DATA EXTRACT
=== Section Start ===

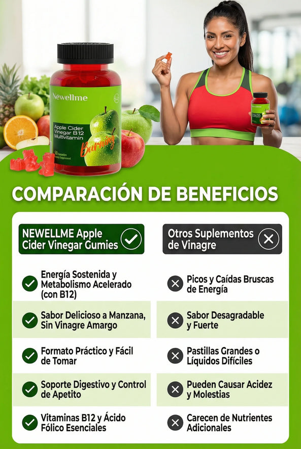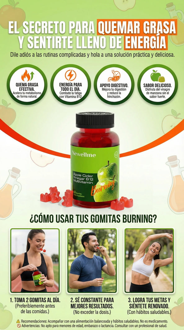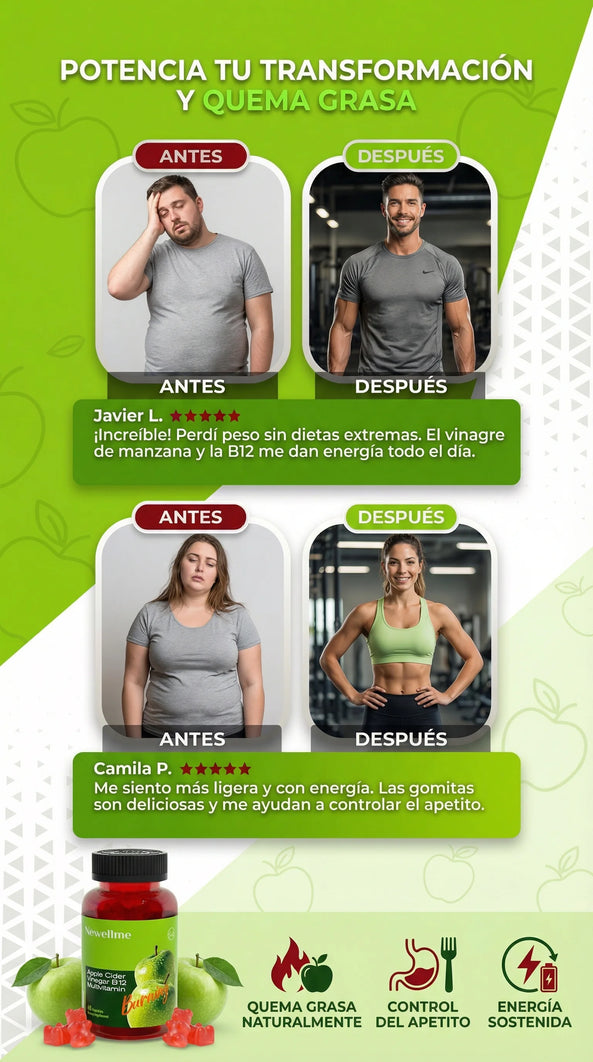Gomitas Detox de Vinagre de Manzana + B12 🔥🍎 Metabolismo, energía y digestión · 60 gomitas
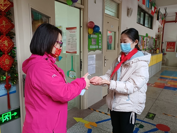學(xué)生在正副班主任帶領(lǐng)下保持1.5米間距,有序進(jìn)班。副班主任在教室門口組織學(xué)生手部消毒。班主任對本班學(xué)生進(jìn)行體溫測量、消毒工作,同時(shí)填寫晨午檢記錄。
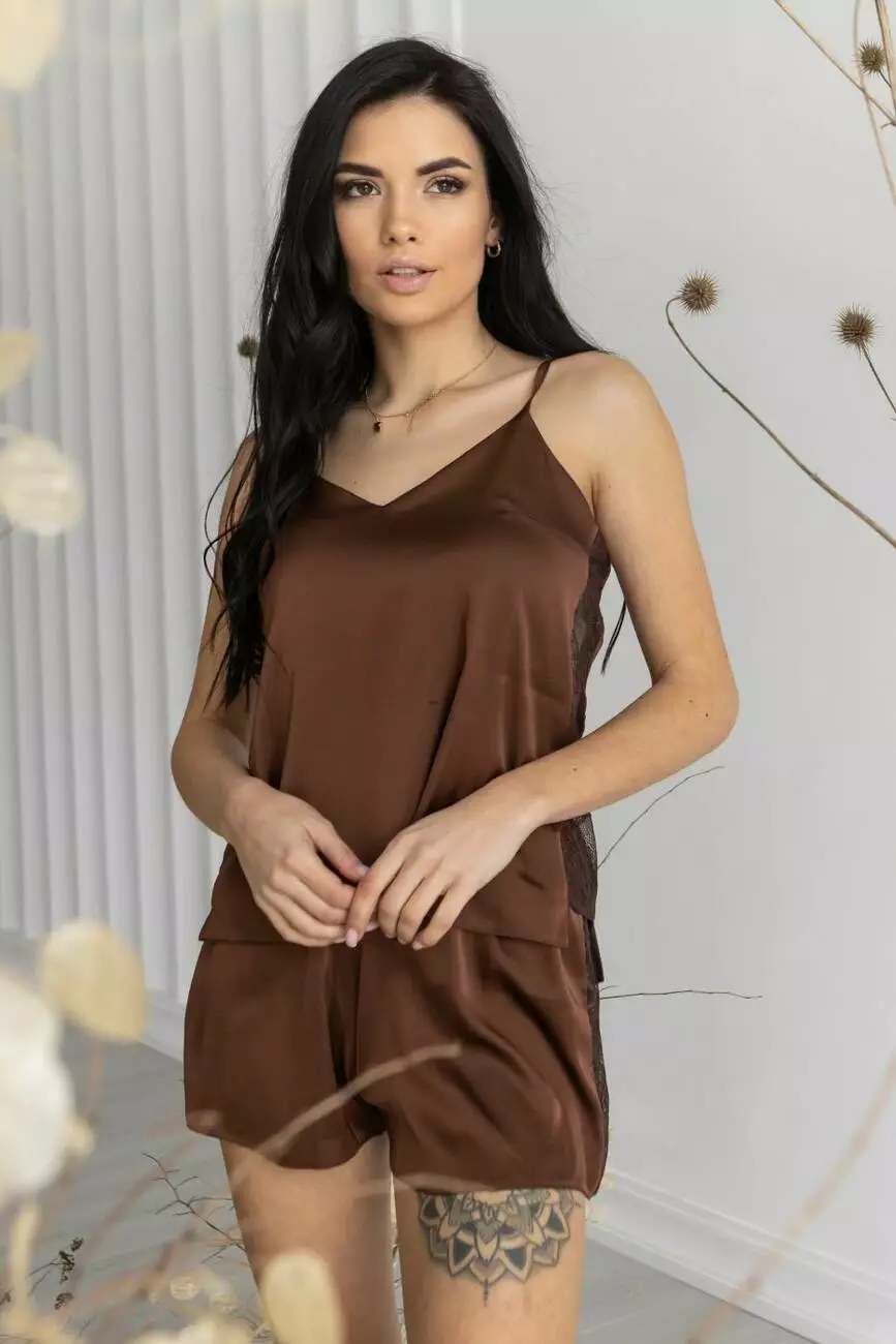 Шовковий комплект для дому XXL+ Кш1017п Шоколадний
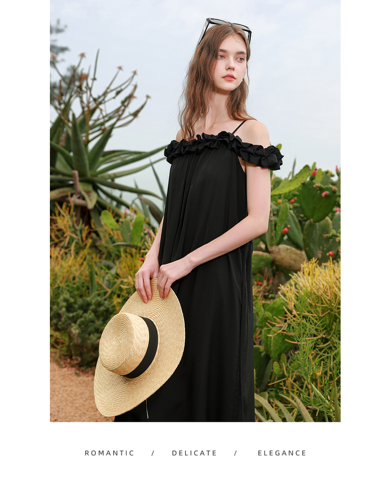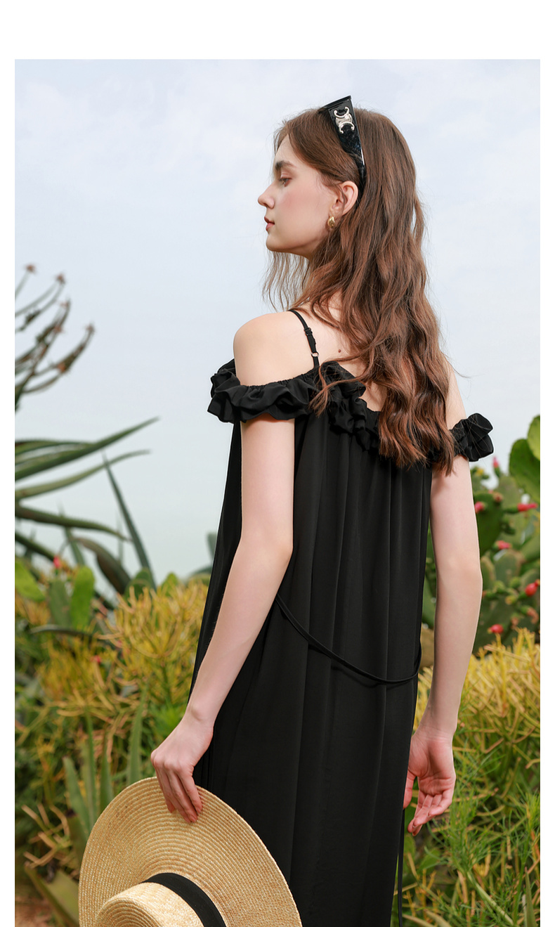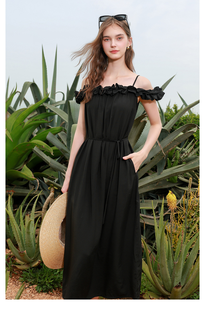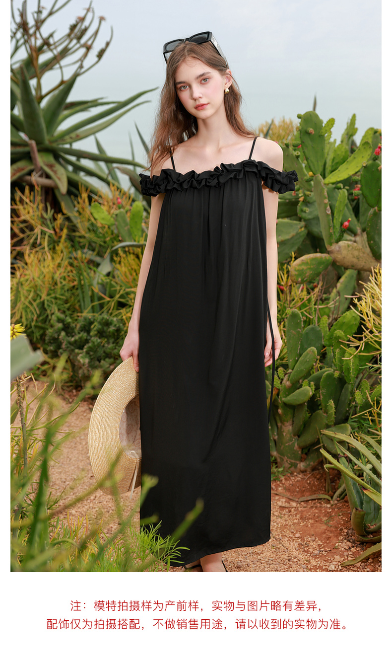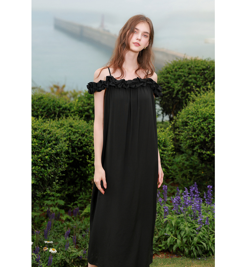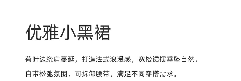 三彩2025夏季新款优雅小黑裙荷叶边连衣裙宽松A字裙长裙M

=== Section End ===

EXERCISE DIRECTIONS
Repeat the listing word for word, and skip every picture it contains.

ANSWER
Gomitas Detox de Vinagre de Manzana + B12 🔥🍎 Metabolismo, energía y digestión · 60 gomitas
學(xué)生在正副班主任帶領(lǐng)下保持1.5米間距,有序進(jìn)班。副班主任在教室門口組織學(xué)生手部消毒。班主任對本班學(xué)生進(jìn)行體溫測量、消毒工作,同時(shí)填寫晨午檢記錄。
 Шовковий комплект для дому XXL+ Кш1017п Шоколадний
 三彩2025夏季新款优雅小黑裙荷叶边连衣裙宽松A字裙长裙M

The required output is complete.